§ PROBLEM TO SOLVE: Go to the line with "Geaca de fas" in the entries below and write out every line from there through the line with "Workers review monitoring", exactly and without pictures.

**** SUPPLIED INFORMATION

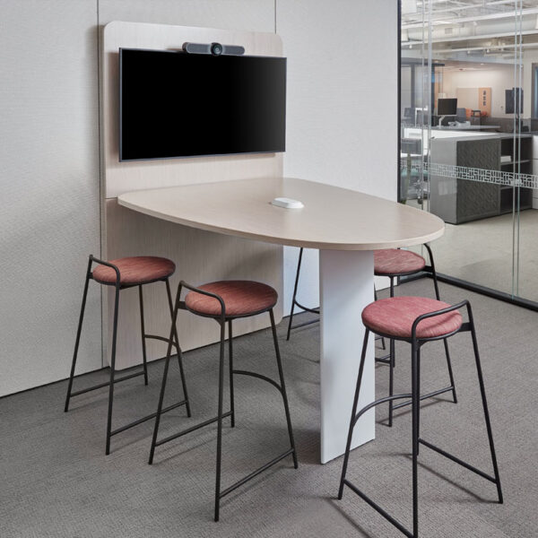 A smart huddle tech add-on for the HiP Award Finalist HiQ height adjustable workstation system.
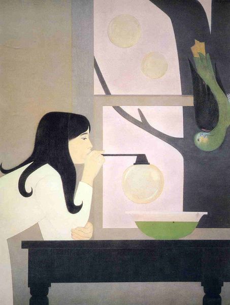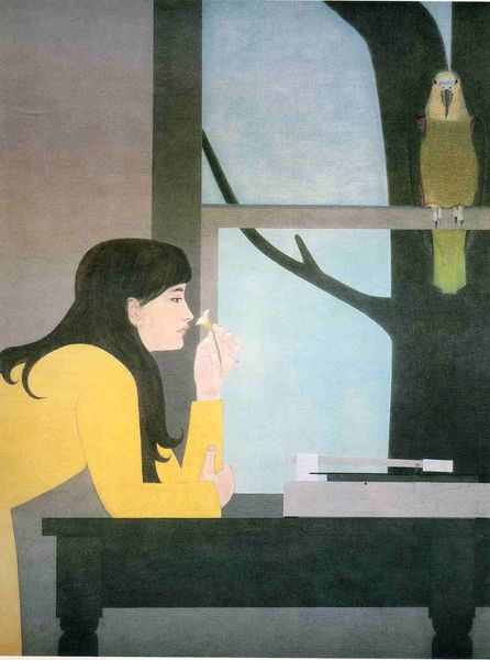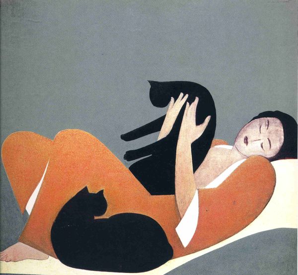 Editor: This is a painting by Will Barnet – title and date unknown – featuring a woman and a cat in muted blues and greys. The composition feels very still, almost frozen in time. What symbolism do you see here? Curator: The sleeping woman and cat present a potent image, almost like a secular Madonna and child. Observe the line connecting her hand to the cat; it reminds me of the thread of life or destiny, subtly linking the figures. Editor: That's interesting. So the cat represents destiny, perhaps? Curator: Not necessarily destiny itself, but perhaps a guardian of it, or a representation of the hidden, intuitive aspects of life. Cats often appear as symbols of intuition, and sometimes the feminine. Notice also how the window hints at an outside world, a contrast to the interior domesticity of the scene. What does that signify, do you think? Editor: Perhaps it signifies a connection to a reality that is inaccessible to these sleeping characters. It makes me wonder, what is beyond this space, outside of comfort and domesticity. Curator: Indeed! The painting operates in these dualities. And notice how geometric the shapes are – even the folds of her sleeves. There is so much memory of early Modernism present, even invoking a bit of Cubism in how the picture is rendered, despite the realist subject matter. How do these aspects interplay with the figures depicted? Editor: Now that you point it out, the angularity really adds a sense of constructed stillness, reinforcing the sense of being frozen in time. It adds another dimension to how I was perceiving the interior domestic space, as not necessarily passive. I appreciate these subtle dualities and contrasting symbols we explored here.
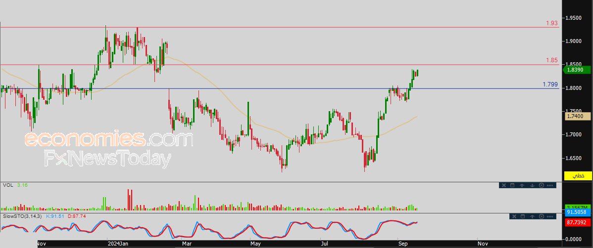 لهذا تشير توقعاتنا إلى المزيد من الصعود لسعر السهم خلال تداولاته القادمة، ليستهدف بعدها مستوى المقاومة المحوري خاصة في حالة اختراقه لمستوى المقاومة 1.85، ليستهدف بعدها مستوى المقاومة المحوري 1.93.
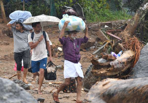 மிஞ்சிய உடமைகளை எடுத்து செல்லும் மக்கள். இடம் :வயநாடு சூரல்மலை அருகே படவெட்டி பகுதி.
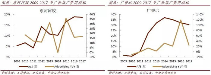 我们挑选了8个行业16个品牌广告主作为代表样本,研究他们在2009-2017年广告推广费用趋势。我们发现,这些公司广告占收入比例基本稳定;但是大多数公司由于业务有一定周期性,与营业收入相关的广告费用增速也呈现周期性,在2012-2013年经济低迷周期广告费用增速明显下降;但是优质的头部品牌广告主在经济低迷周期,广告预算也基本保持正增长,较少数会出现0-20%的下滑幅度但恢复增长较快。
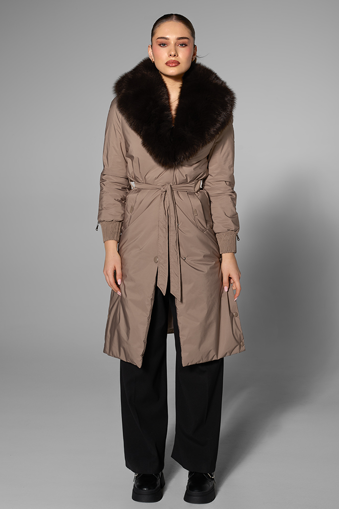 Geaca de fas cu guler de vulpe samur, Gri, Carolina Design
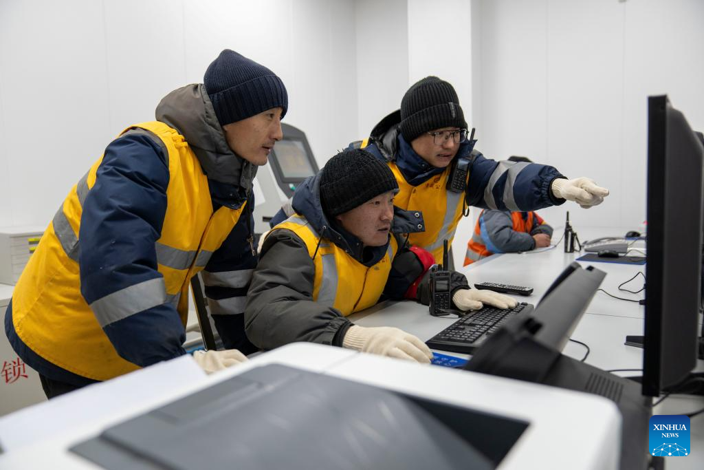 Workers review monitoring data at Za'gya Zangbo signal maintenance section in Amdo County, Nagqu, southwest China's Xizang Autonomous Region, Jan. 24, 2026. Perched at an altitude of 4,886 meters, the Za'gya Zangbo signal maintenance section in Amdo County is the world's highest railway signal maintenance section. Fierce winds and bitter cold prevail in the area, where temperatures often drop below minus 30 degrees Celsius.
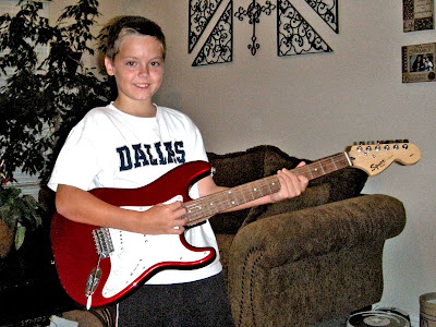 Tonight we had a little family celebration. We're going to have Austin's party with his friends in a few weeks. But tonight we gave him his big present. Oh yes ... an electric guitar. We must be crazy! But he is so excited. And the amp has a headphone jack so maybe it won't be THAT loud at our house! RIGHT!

********

§ RESULT OF THE EXERCISE:
 Geaca de fas cu guler de vulpe samur, Gri, Carolina Design
 Workers review monitoring data at Za'gya Zangbo signal maintenance section in Amdo County, Nagqu, southwest China's Xizang Autonomous Region, Jan. 24, 2026. Perched at an altitude of 4,886 meters, the Za'gya Zangbo signal maintenance section in Amdo County is the world's highest railway signal maintenance section. Fierce winds and bitter cold prevail in the area, where temperatures often drop below minus 30 degrees Celsius.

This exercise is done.